• _What you will do_: This calls for a word-for-word copy of all the data, with each picture removed.

• _The data_:
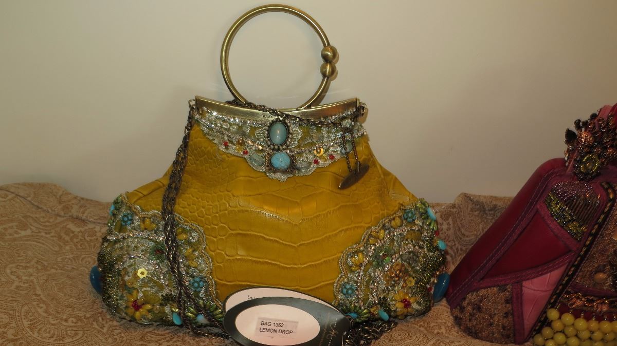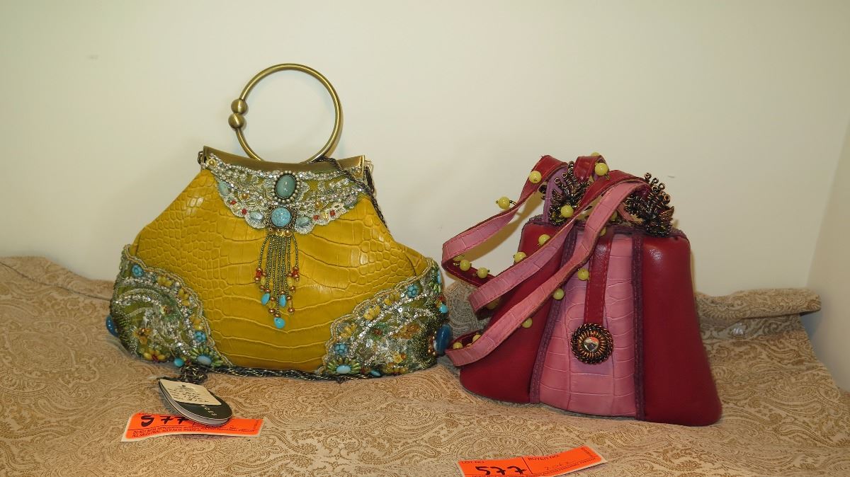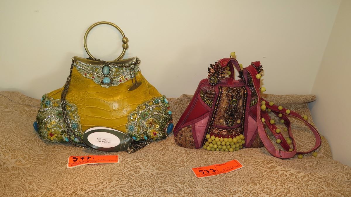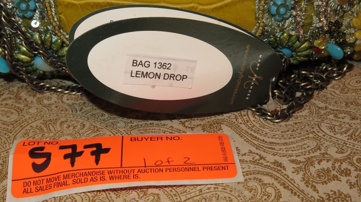 2 New Mary Frances Beaded Bags: "Lemon Drop" and Pink/Red Patent Leather
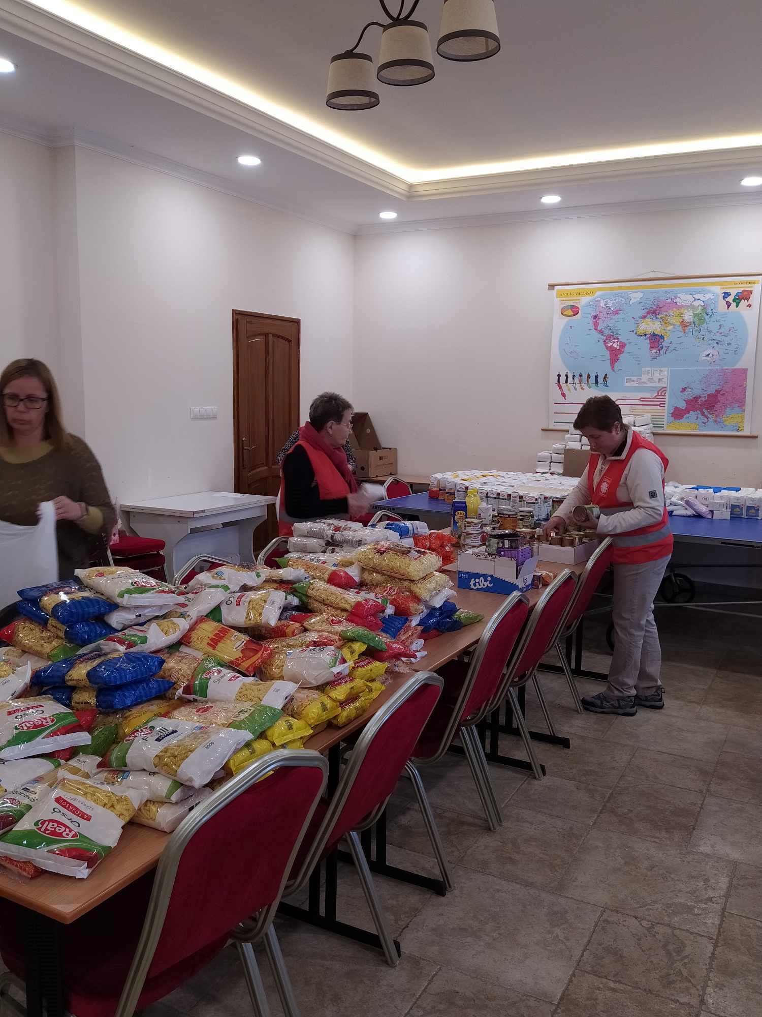 A gyűjtés következő hetében szorgos kezek válogatták külön az egyházközség közösségi házában a megérkezett élelmiszereket, s gyors számolás után közel 10 kg-os élelmiszercsomagot tudtunk összeállítani 65 család részére.
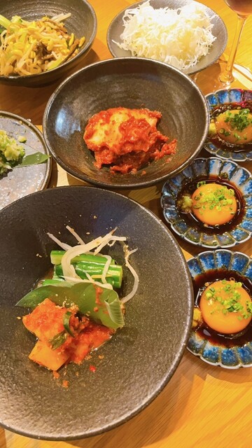 キムチ2種盛りと特上飲めるロースの卵タレ

• _Answer section_:
 2 New Mary Frances Beaded Bags: "Lemon Drop" and Pink/Red Patent Leather
 A gyűjtés következő hetében szorgos kezek válogatták külön az egyházközség közösségi házában a megérkezett élelmiszereket, s gyors számolás után közel 10 kg-os élelmiszercsomagot tudtunk összeállítani 65 család részére.
 キムチ2種盛りと特上飲めるロースの卵タレ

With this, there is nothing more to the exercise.